How much VRAM does Ornith 1.0 9B need?

About 12 GB — the minimum this recipe targets.

How hard is this setup?

Intermediate — follow the steps above.

Ornith 1.0 9B on RX 7800 XT: Max-Fidelity Local Agentic Coding in 16GB via llama.cpp-HIP + OpenHands (ROCm)

What You'll Build

A fully local agentic-coding setup on a 16GB Radeon RX 7800 XT (RDNA3, Navi 32, gfx1101): Ornith 1.0 9B — DeepReinforce's open (MIT) ~9B dense coding model — served as an OpenAI-compatible endpoint by llama.cpp (built against AMD's HIP/ROCm backend) or Ollama, and driven by a coding agent (OpenHands as the lead, Aider as a lighter alternative). Ornith produces <think> reasoning traces and native tool calls, so the agent can read your repo, run shell commands, and edit files. Unlike this catalogue's image and video recipes, there is no ComfyUI here: the runtime is a text-generation server plus a coding client.

Hardware data: RX 7800 XT (16GB VRAM) · Ornith 1.0 9B, GGUF Q8_0 (9.53GB) or Q6_K (7.36GB) · ROCm 7 · See benchmark data

⚠️ This is a ROCm recipe, not CUDA. The RX 7800 XT runs on AMD's ROCm/HIP stack — there is no cu124/cu128 wheel and no FlashAttention prebuilt-wheel step here. For this coding LLM the reliable path is GGUF via llama.cpp-HIP (or Ollama, which bundles llama.cpp). Do not follow a guide that tells you to pip install flash-attn, pick a cu12x wheel, or use ExLlamaV2/Marlin for this card — those are NVIDIA-only.

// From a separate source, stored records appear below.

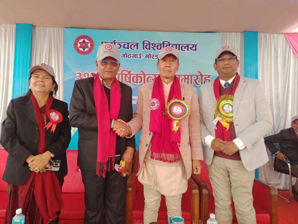 सुन्दरहरैचा/ पूर्वाञ्चल विश्वविद्यालयले आफ्नो स्थापनाको ३२ वर्ष पूरा गरेको अवसरमा शनिबार केन्द्रीय कार्यालय गोठगाउँमा भव्य समारोहका साथ ३२ औं वार्षिकोत्सव मनाएको छ । साता व्यापी रूपमा सञ्चालित विभिन्न खेलकुद तथा रचनात्मक कार्यक्रमहरूको समापनको साथै ३२ औं वार्षिकोत्सव समारोह सम्पन्न भएको हो।
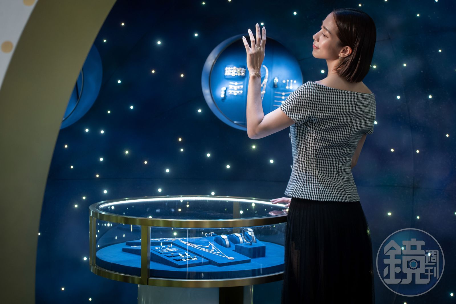 對於活動上自己配戴的Rose des Vents「羅盤玫瑰黃K金珍珠母貝鑽石手鍊戒」,她很有想法的說:「『羅盤』有著不管在哪裡我都會找到你的寓意,我覺得非常適合送給伴侶、也能送給自己,給迷失自己時的提醒,更適合送給仇人,告訴對方無論如何我都會找到你,很浪漫吧?」
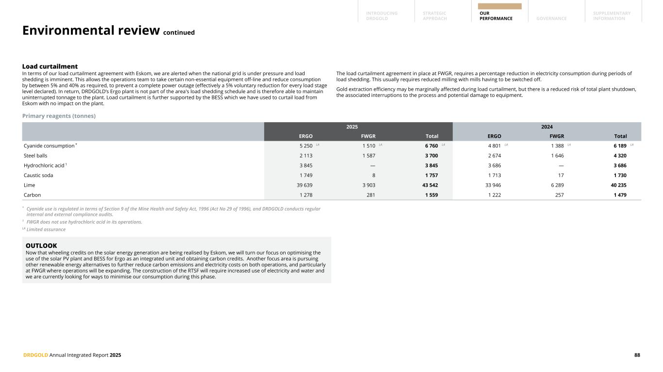 Load curtailment In terms of our load curtailment agreement with Eskom, we are alerted when the national grid is under pressure and load shedding is imminent. This allows the operations team to take certain non-essential equipment off-line and reduce consumption by between 5% and 40% as required, to prevent a complete power outage (effectively a 5% voluntary reduction for every load stage level declared). In return, DRDGOLD’s Ergo plant is not part of the area's load shedding schedule and is therefore able to maintain uninterrupted tonnage to the plant. Load curtailment is further supported by the BESS which we have used to curtail load from Eskom with no impact on the plant. The load curtailment agreement in place at FWGR, requires a percentage reduction in electricity consumption during periods of load shedding. This usually requires reduced milling with mills having to be switched off. Gold extraction efficiency may be marginally affected during load curtailment, but there is a reduced risk of total plant shutdown, the associated interruptions to the process and potential damage to equipment. Primary reagents (tonnes) 2025 2024 ERGO FWGR Total ERGO FWGR Total Cyanide consumption * 5 250 LA 1 510 LA 6 760 LA 4 801 LA 1 388 LA 6 189 LA Steel balls 2 113 1 587 3 700 2 674 1 646 4 320 Hydrochloric acid 1 3 845 — 3 845 3 686 — 3 686 Caustic soda 1 749 8 1 757 1 713 17 1 730 Lime 39 639 3 903 43 542 33 946 6 289 40 235 Carbon 1 278 281 1 559 1 222 257 1 479 * Cyanide use is regulated in terms of Section 9 of the Mine Health and Safety Act, 1996 (Act No 29 of 1996), and DRDGOLD conducts regular internal and external compliance audits. 1 FWGR does not use hydrochloric acid in its operations. LA Limited assurance OUTLOOK Now that wheeling credits on the solar energy generation are being realised by Eskom, we will turn our focus on optimising the use of the solar PV plant and BESS for Ergo as an integrated unit and obtaining carbon credits. Another focus area is pursuing other renewable energy alternatives to further reduce carbon emissions and electricity costs on both operations, and particularly at FWGR where operations will be expanding. The construction of the RTSF will require increased use of electricity and water and we are currently looking for ways to minimise our consumption during this phase. INTRODUCING DRDGOLD STRATEGIC APPROACH OUR PERFORMANCE GOVERNANCE SUPPLEMENTARY INFORMATION Environmental review continued DRDGOLD Annual Integrated Report 2025 88
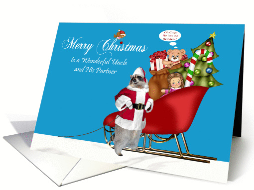 | Title: | Christmas to Uncle and Partner, Raccoon Santa Claus with a full sleigh |
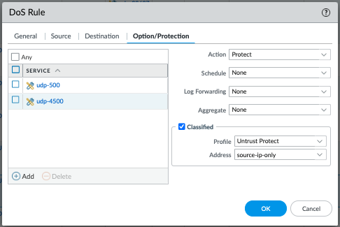 d. [Richtlinien > DoS-Schutz > Hinzufügen ] Option/Schutz: Wenn Sie anderen IP-Datenverkehr blockieren möchten, legen Sie Aktion auf Verweigern fest. Wenn Sie anderen IP-Datenverkehr (z. B. ICMP und ESP) zulassen möchten, legen Sie die Aktion auf Zulassen fest.

ℹ️ This is a coding LLM, not a chat generalist. Ornith 1.0 is a self-improving family of open-source models for agentic coding (per the Ornith-1.0-9B-GGUF model card). The 9B is the family's smallest member — the card calls it the most lightweight member of the Ornith family, designed for efficient single-GPU deployment. It is post-trained on top of Gemma 4 and Qwen 3.5, is MIT-licensed, and reports SWE-bench Verified 69.4 on the model card's own evaluation table.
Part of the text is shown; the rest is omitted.